*** SUPPLIED RECORDS ***

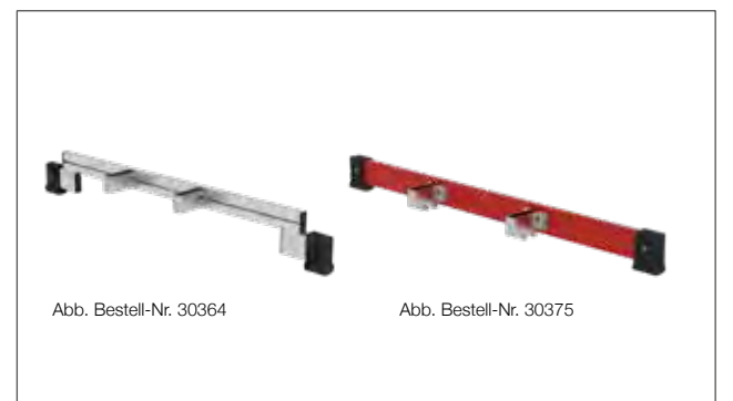
Abb. Bestell-Nr. 30364
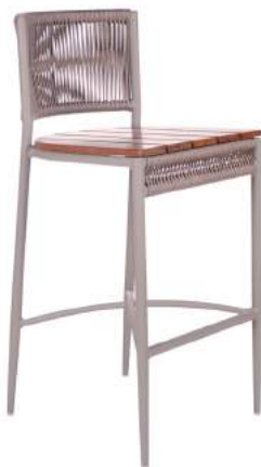
BANQUETA LONDRES A70 FIXA CORDA L43 P50 A98 Estrutura em alumínio com acabamento em madeira Cumaru e corda náutica.
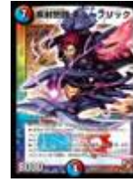
[ DMR-08S ] 疾封怒闘キューブリック
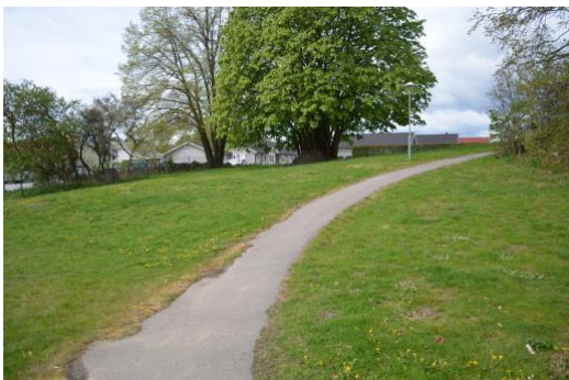
Terrängskillnader och ett populärt kastanjetråd att leka vid.

Gården har höjdskillnader. Framför allt i den vilda zonen återfinns höjdskillnaderna men även i den vidlyftiga zonen. Skogspartiet ligger uppför en sluttning. I ett parti av gården med gräsytor som gränsar mellan den vidlyftiga och den vilda zonen finns också terrängskillnader. Detta området består av backar med gräs. Ett stort kastanjetråd och stora stenar. Gräsbacken agerar en bra pulkabacke på vintern.
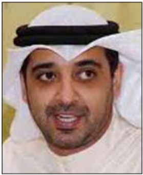
الشيخ محمد العبدالله

تقدم وزير الدولة لشؤون مجلس الوزراء ووزير الصحة الشيخ محمد العبدالله بالشكر الجزيل والعرفان لجميع منتسبي الإدارة العامة للإطفاء من ضباط وضباط صف على جهودهم المبذولة في التعامل مع مختلف الحوادث التي مرت بها البلاد خلال الأيام الماضية، مجسدين بذلك روح التعاون البناء في الحفاظ على أرواح المواطنين ومقدرات الوطن، وذلك ليس بغريب على رجال عاهدوا الله بتقديم الغالي من أجل هذا الوطن المعطاء.

*** End of SUPPLIED RECORDS ***

#### [PROBLEM REQUIREMENTS]
Without including any picture, repeat the data exactly.

#### [RESPONSE]
Abb. Bestell-Nr. 30364
BANQUETA LONDRES A70 FIXA CORDA L43 P50 A98 Estrutura em alumínio com acabamento em madeira Cumaru e corda náutica.
[ DMR-08S ] 疾封怒闘キューブリック
Terrängskillnader och ett populärt kastanjetråd att leka vid.

Gården har höjdskillnader. Framför allt i den vilda zonen återfinns höjdskillnaderna men även i den vidlyftiga zonen. Skogspartiet ligger uppför en sluttning. I ett parti av gården med gräsytor som gränsar mellan den vidlyftiga och den vilda zonen finns också terrängskillnader. Detta området består av backar med gräs. Ett stort kastanjetråd och stora stenar. Gräsbacken agerar en bra pulkabacke på vintern.
الشيخ محمد العبدالله

تقدم وزير الدولة لشؤون مجلس الوزراء ووزير الصحة الشيخ محمد العبدالله بالشكر الجزيل والعرفان لجميع منتسبي الإدارة العامة للإطفاء من ضباط وضباط صف على جهودهم المبذولة في التعامل مع مختلف الحوادث التي مرت بها البلاد خلال الأيام الماضية، مجسدين بذلك روح التعاون البناء في الحفاظ على أرواح المواطنين ومقدرات الوطن، وذلك ليس بغريب على رجال عاهدوا الله بتقديم الغالي من أجل هذا الوطن المعطاء.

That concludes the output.